In part, these changes wrought by automation and globalisation are also expressed in a second trend: that of deindustrialisation and the rise of a broad service-based economy. While ‘services’ encompasses a (too) disparate set of jobs, ranging from finance to care work, it has come to be the dominant employment sector of high-income economies. With this shift in the nature of jobs has come a decrease in the power of workers. Facing attacks from the likes of Thatcher and Reagan, not to mention international finance, traditional workers’ organisations have withered and been beaten down (quite literally in some cases). Service sector jobs, moreover, are more difficult to organise than more traditional manufacturing jobs. Whereas large factories once provided both a mass of workers with a common interest and a powerful tool of leverage (the strike), today service jobs tend to have smaller workplaces or even be individualised, and leave little in the way of an obvious replacement for strikes that once brought economies to their knees. Workers have therefore seen their power significantly curtailed.

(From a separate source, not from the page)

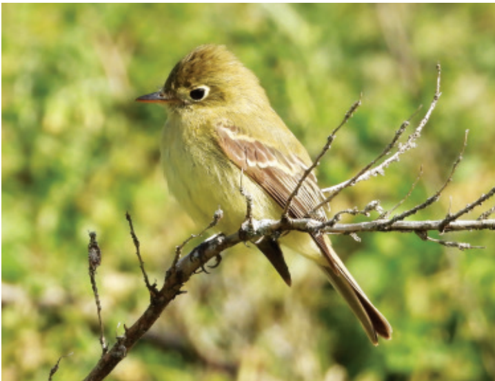
Figure 1. Observations and pictures for the Tennessee state record for Pacific-slope Flycatcher showed excellent field marks although a recording of vocalizations confirmed the species.

The noted field marks and subsequent photographs indicated to several local experts, including Doug Raybuck, that the bird was either a Hammond's ( Empidonax hammondi ) or Pacific-slope ( Empidonax difficilis )/Cordilleran ( Empidonax occidentalis ) Flycatcher.

The end result has been a third trend: increasing precarity. The hard-won gains of the postwar era – permanent, well-paying jobs – have been slipping away. In their place, more and more work is increasingly infrequent and temporary. There are more part-time jobs, more temporary jobs, and even extreme limits such as zero-hours contracts (where workers are not guaranteed any hours) and the gig economy (where workers are employed for a single task at a time). With workers’ power diminished, capitalism has run rampant and given rise to an increasingly precarious proletariat.


Perhaps the most defining feature of the present era – and the one that poses the biggest challenge for capitalism – is the rise of surplus populations.


After the Cold War, with Russia and China entering into the global capitalist system, the number of proletariat across the world doubled to over 3 billion. Yet capitalism has been unable to create sufficient numbers of jobs, leaving many low-income economies with huge informal labour markets with people eking out an existence at the edges of capitalism. After the 2008 crisis, high-income economies saw incredibly high levels of unemployment and a very slow return of job growth. With a new wave of technology emerging and potentially automating vast swaths of existing jobs, the future looks set to push even more workers into under- and un-employment. The result? An increasingly large surplus population that has neither the means to survive outside of capitalism nor the jobs to survive within it. The result is a crisis of work.


Dr. Nick Srnicek is Lecturer in Digital Economy in the Digital Humanities department at King’s College London. His current research is focused on post-work politics and social reproduction, and how the two separate areas can be fit together. He is the co-author, with Dr. Helen Hester, of a forthcoming book, entitled After Work (Verso, 2019) and has previously written on labour market transformations – Inventing the Future (co-authored with Dr. Alex Williams, Verso, 2015) – and on the digital economy and its dynamics: Platform Capitalism (Polity, 2016).